Question

A $\mathbf{20}\mathbf{\text{kg}}$satellite has a circular orbit with a period of$\mathbf{2.4}\mathbf{\text{h}}$and a radius of$\mathbf{8.6}\mathbf{\times }{\mathbf{10}}^{\mathbf{6}}\mathbf{\text{m}}$ around a planet of unknown mass.
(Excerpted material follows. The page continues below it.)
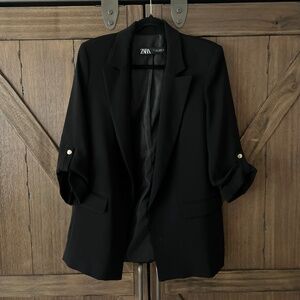 Zara Open Front 3/4 Rolled-Up Sleeves Blazer Black Size Small

If the magnitude of the gravitational acceleration on the surface of the planet is$\mathbf{8.0}{\mathbf{\text{m/s}}}^{\mathbf{2}}$ , what is the radius of the planet?

Short answer

Theradius of the planet is $\mathrm{R}=1.84\times {10}^7\mathrm{m}$.

Step-by-step solution

Given

Period is$\text{T}=2.4\text{\hspace{0.17em}h}\left(\frac{3600\mathrm{s}}{1\mathrm{h}}\right)=8640\mathrm{s}$

Radius,$\text{r}=8.0\times {10}^6\text{\hspace{0.17em}m}$

Determining the concept

According to Kepler's law of periods, the square of the time period of revolution of a planet around the sun in an elliptical orbit is directly proportional to the cube of its semi-major axis, where M₁ and M₂ are the masses of the two orbiting objects in solar masses.

The formulae are as follows:

$\text{R}=\sqrt{\frac{\text{GM}}{{\text{a}}_{\text{g}}}}$

Here,$\text{R}$ is the radius of the planet,$\text{M}$ is the mass of the planet.

(a) Determining the radius of the planet

From Kepler's law of periods (where $\text{T}=8640\text{\hspace{0.17em}s}$) find the planet's mass$\mathrm{M}$, using the formula, such that,

$\begin{array}{c}{\text{(8640s)}}^{\text{2}}=\left(\frac{4{\text{π}}^2}{(6.7\times {10}^{-11\text{}}\mathrm{N}\cdot {\mathrm{m}}^2/{\mathrm{kg}}^2)\times \mathrm{M}}\right){\left(8.0\times {10}^6\mathrm{m}\right)}^3\\ \mathrm{M}=\frac{4{\text{π}}^2\times 5.12\times {10}^{21}{\mathrm{m}}^3}{6.7\times {10}^{-11\text{}}\mathrm{N}\cdot {\mathrm{m}}^2/{\mathrm{kg}}^2\times 7.47\times {10}^7\mathrm{s}}\\ \mathrm{M}=4.04\times {\text{10}}^{\text{25}}\text{\hspace{0.17em}kg}\end{array}$

However,

$\begin{array}{c}{\mathrm{a}}_{\mathrm{g}}=\frac{\mathrm{GM}}{{\mathrm{R}}^2}\\ 8.{\text{0m/s}}^2=\frac{6.7\times {10}^{-11\text{}}\mathrm{N}\cdot {\mathrm{m}}^2/{\mathrm{kg}}^2\times 4.04\times {\text{10}}^{\text{25}}\text{\hspace{0.17em}kg}}{{\mathrm{R}}^2}\\ \mathrm{R}=\sqrt{\frac{6.7\times {10}^{-11\text{}}\mathrm{N}\cdot {\mathrm{m}}^2/{\mathrm{kg}}^2\times 4.04\times {\text{10}}^{\text{25}}\text{\hspace{0.17em}kg}}{8.{\text{0m/s}}^2}}\\ \mathrm{R}=1.84\times {10}^7\mathrm{m}\end{array}$

Therefore, theradius of the planet is $\mathrm{R}=1.84\times {10}^7\mathrm{m}$.